How to complete this task
Copy out the data below as written; omit any images.

Given data

▼

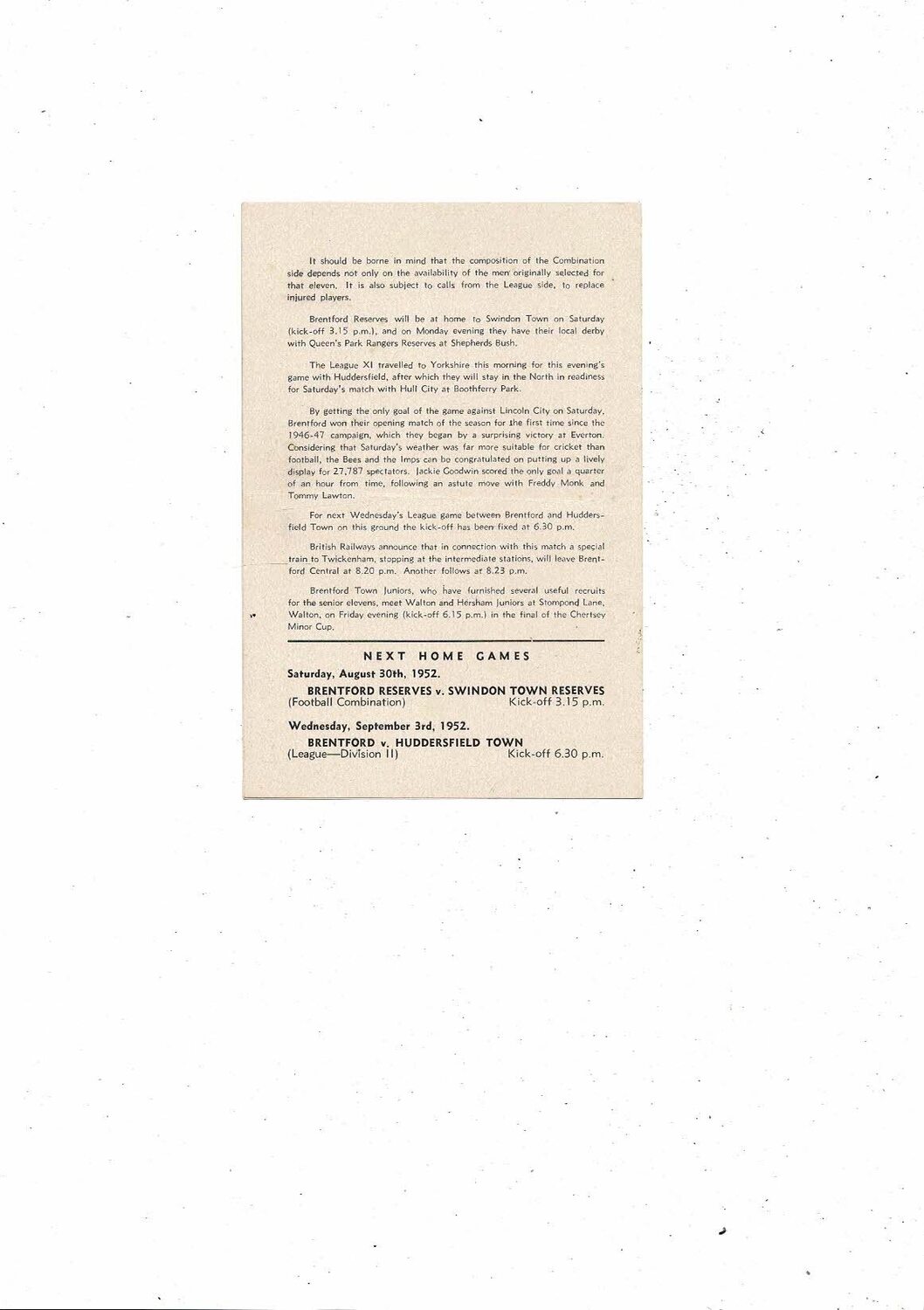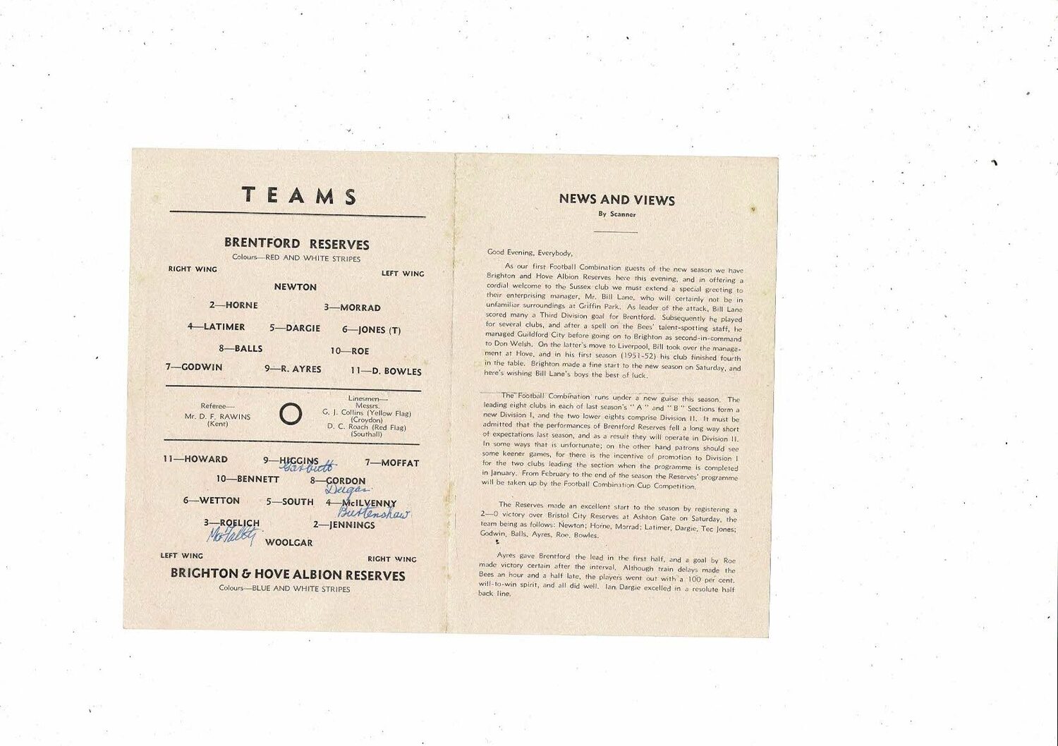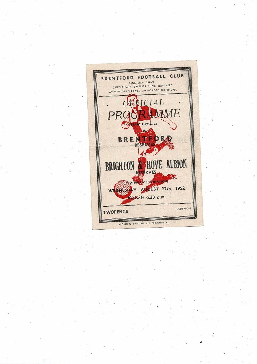 Brentford v Brighton Football Combination Cup Football Programme 1952/53
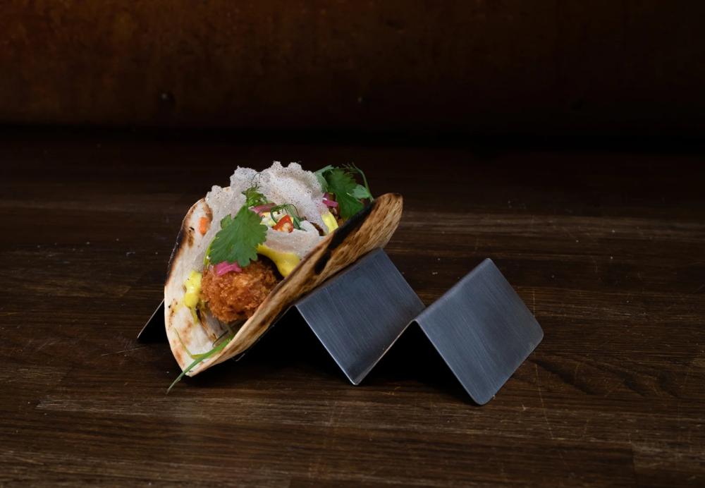Tacoställ med 4 eller 5 fack av rostfritt stål. Tacoställ och tacohållare som passar bra till tacos, steam buns, wraps och korv med bröd.
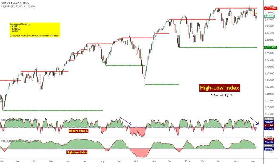 The High-Low Index is a breadth indicator based on Record High Percent, which is based on new 52-week highs and new 52-week lows.

▲

Answer section
 Brentford v Brighton Football Combination Cup Football Programme 1952/53
Tacoställ med 4 eller 5 fack av rostfritt stål. Tacoställ och tacohållare som passar bra till tacos, steam buns, wraps och korv med bröd.
 The High-Low Index is a breadth indicator based on Record High Percent, which is based on new 52-week highs and new 52-week lows.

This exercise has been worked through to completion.